Reputation: 996
So I have a list with several dictionaries, they all have the same keys. Some dictionaries are the same but one value is different. How could I merge them into 1 dictionary having that different values as array?
Let me give you an example:
let's say I have this dictionaries
[{'a':1, 'b':2,'c':3},{'a':1, 'b':2,'c':4},{'a':1, 'b':3,'c':3},{'a':1, 'b':3,'c':4}]
My desired output would be this:
[{'a':1, 'b':2,'c':[3,4]},{'a':1, 'b':3,'c':[3,4]}]
I've tried using for
and if
nested, but it's too expensive and nasty, and I'm sure there must be a better way. Could you give me a hand?

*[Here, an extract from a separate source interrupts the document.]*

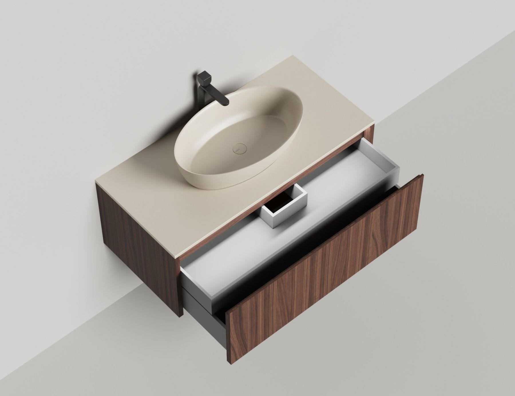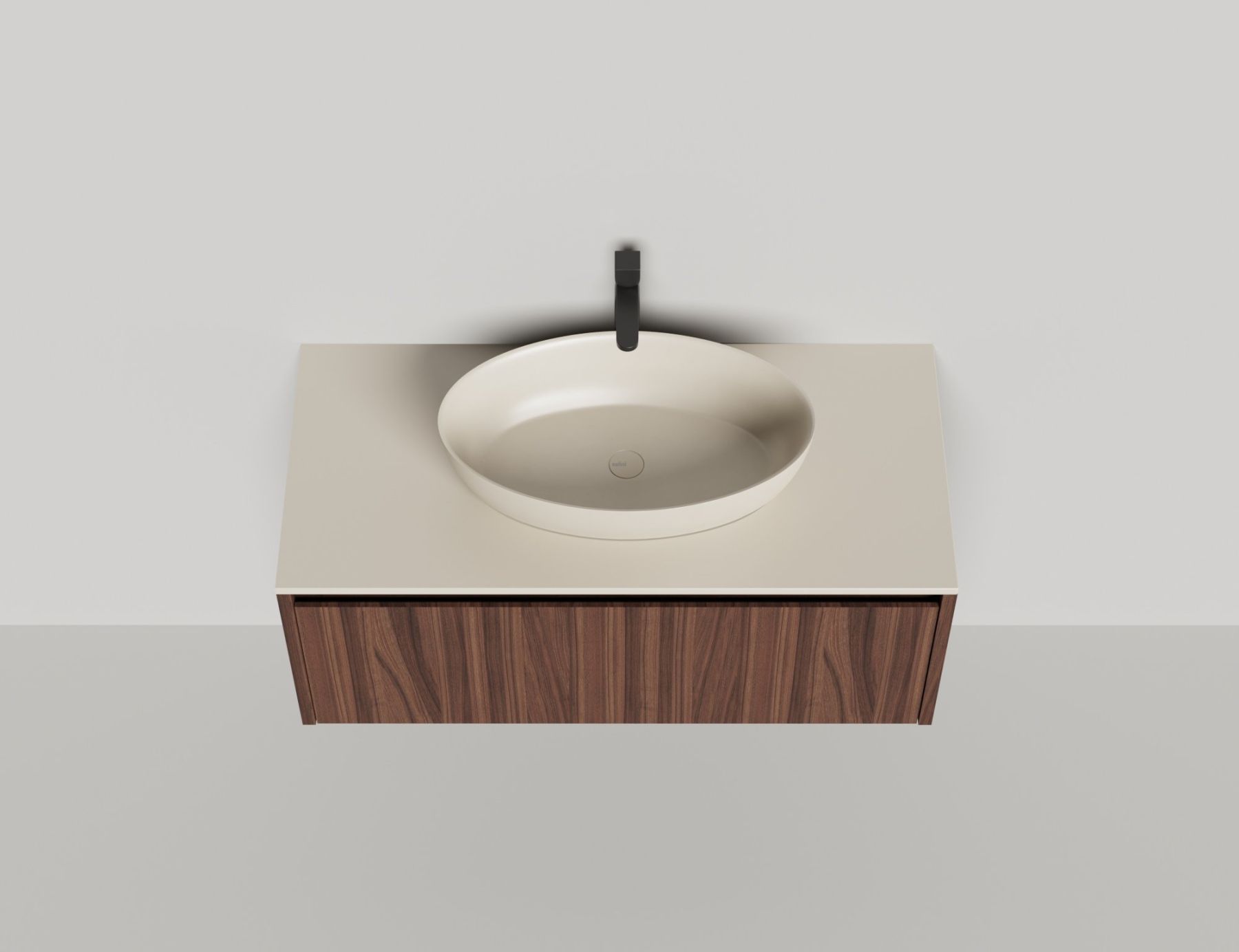 • Тумба и столешница из материала S-Stone в сборе (накладные раковины укомплектованы донным клапаном и поставляются в отдельной коробке)
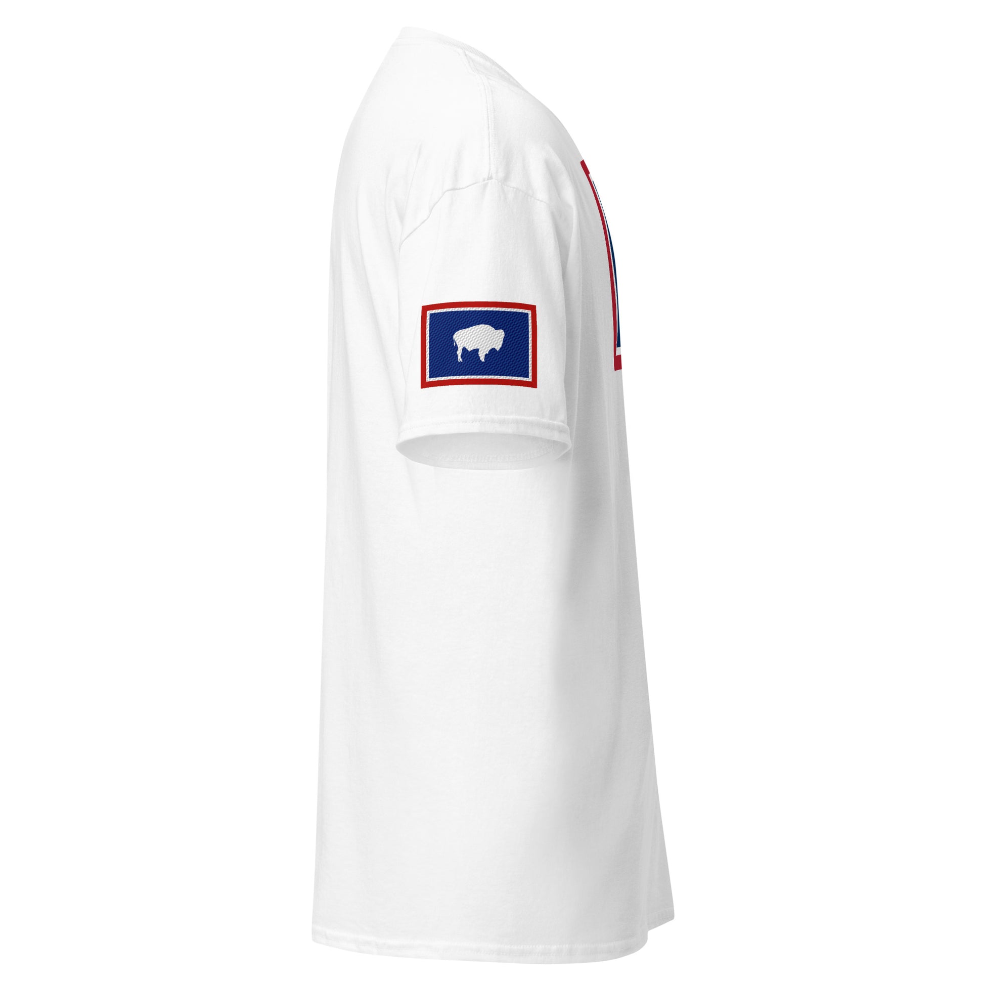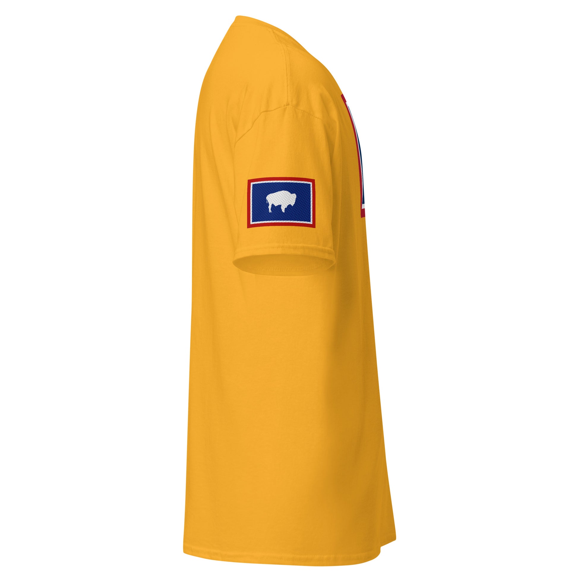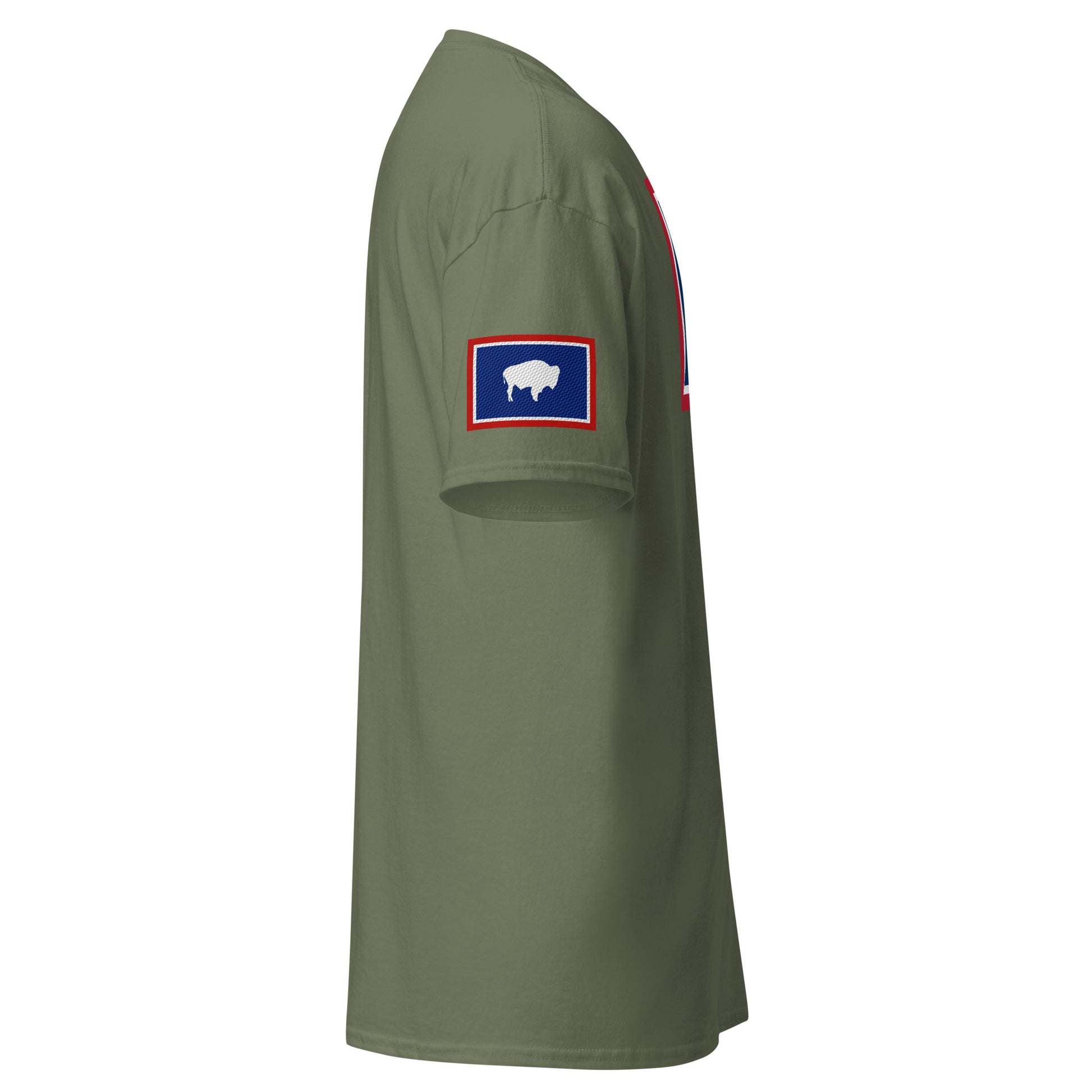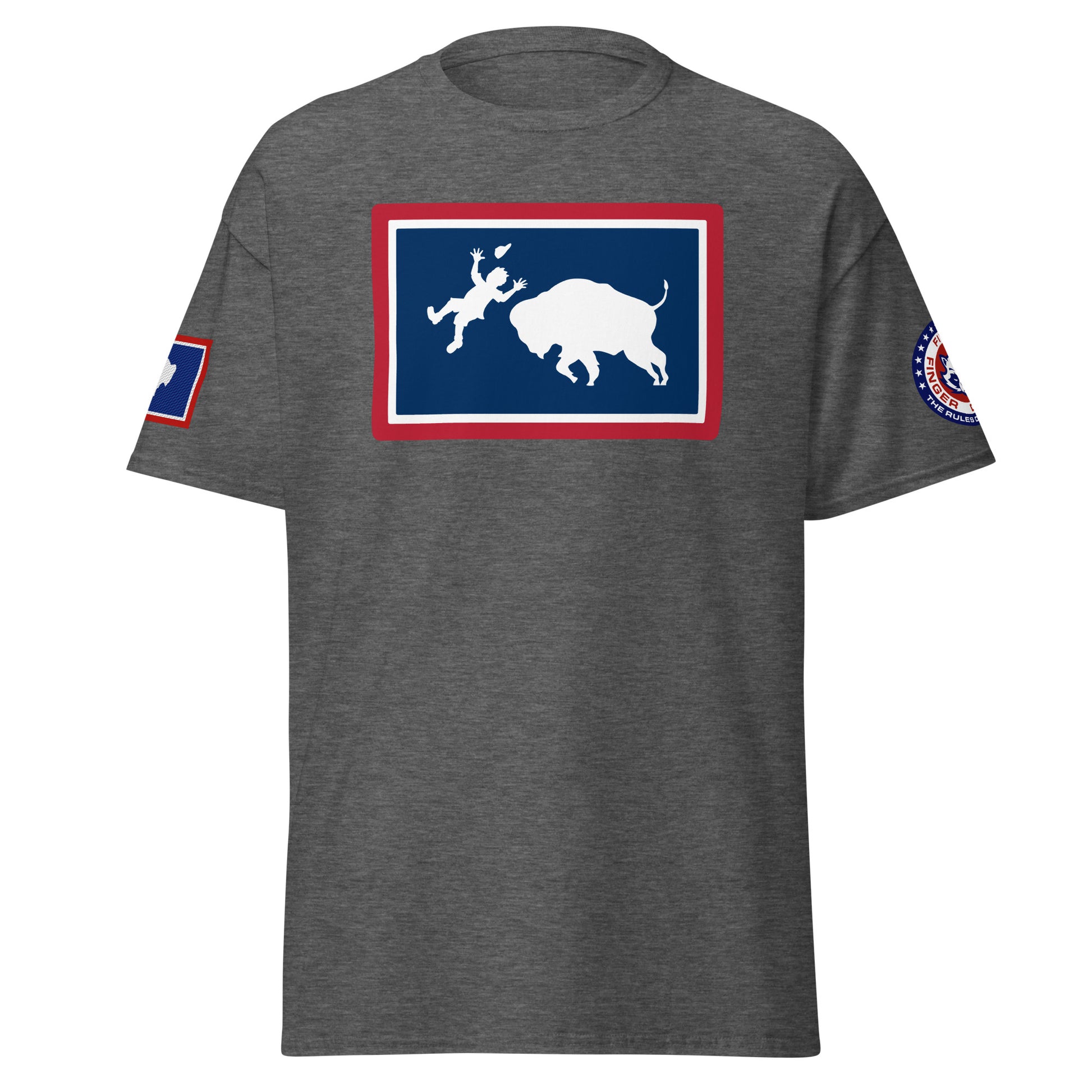 Welcome to Wonderful Wyoming! The wild life in Wyoming's State and National Parks are very docile so much so that these parks could be viewed as petting zoos! This design was inspired by the Wyoming State flag and interactions between tourists and Wyoming's wildlife. Get out your selfie sticks and start making content!

How could I do that for any kind of dictionary assuming that the amount of keys is the same on the dictionaries and knowing the name of the key to be merged as array (c
in this case)
thanks!
Upvotes: 3
Views: 1058
Reputation: 26315
Use a collections.defaultdict
to group the c
values by a
and b
tuple keys:
from collections import defaultdict
lst = [
{"a": 1, "b": 2, "c": 3},
{"a": 1, "b": 2, "c": 4},
{"a": 1, "b": 3, "c": 3},
{"a": 1, "b": 3, "c": 4},
]
d = defaultdict(list)
for x in lst:
d[x["a"], x["b"]].append(x["c"])
result = [{"a": a, "b": b, "c": c} for (a, b), c in d.items()]
print(result)
Could also use itertools.groupby
if lst
is already ordered by a
and b
:
from itertools import groupby
from operator import itemgetter
lst = [
{"a": 1, "b": 2, "c": 3},
{"a": 1, "b": 2, "c": 4},
{"a": 1, "b": 3, "c": 3},
{"a": 1, "b": 3, "c": 4},
]
result = [
{"a": a, "b": b, "c": [x["c"] for x in g]}
for (a, b), g in groupby(lst, key=itemgetter("a", "b"))
]
print(result)
Or if lst
is not ordered by a
and b
, we can sort by those two keys as well:
result = [
{"a": a, "b": b, "c": [x["c"] for x in g]}
for (a, b), g in groupby(
sorted(lst, key=itemgetter("a", "b")), key=itemgetter("a", "b")
)
]
print(result)
Output:
[{'a': 1, 'b': 2, 'c': [3, 4]}, {'a': 1, 'b': 3, 'c': [3, 4]}]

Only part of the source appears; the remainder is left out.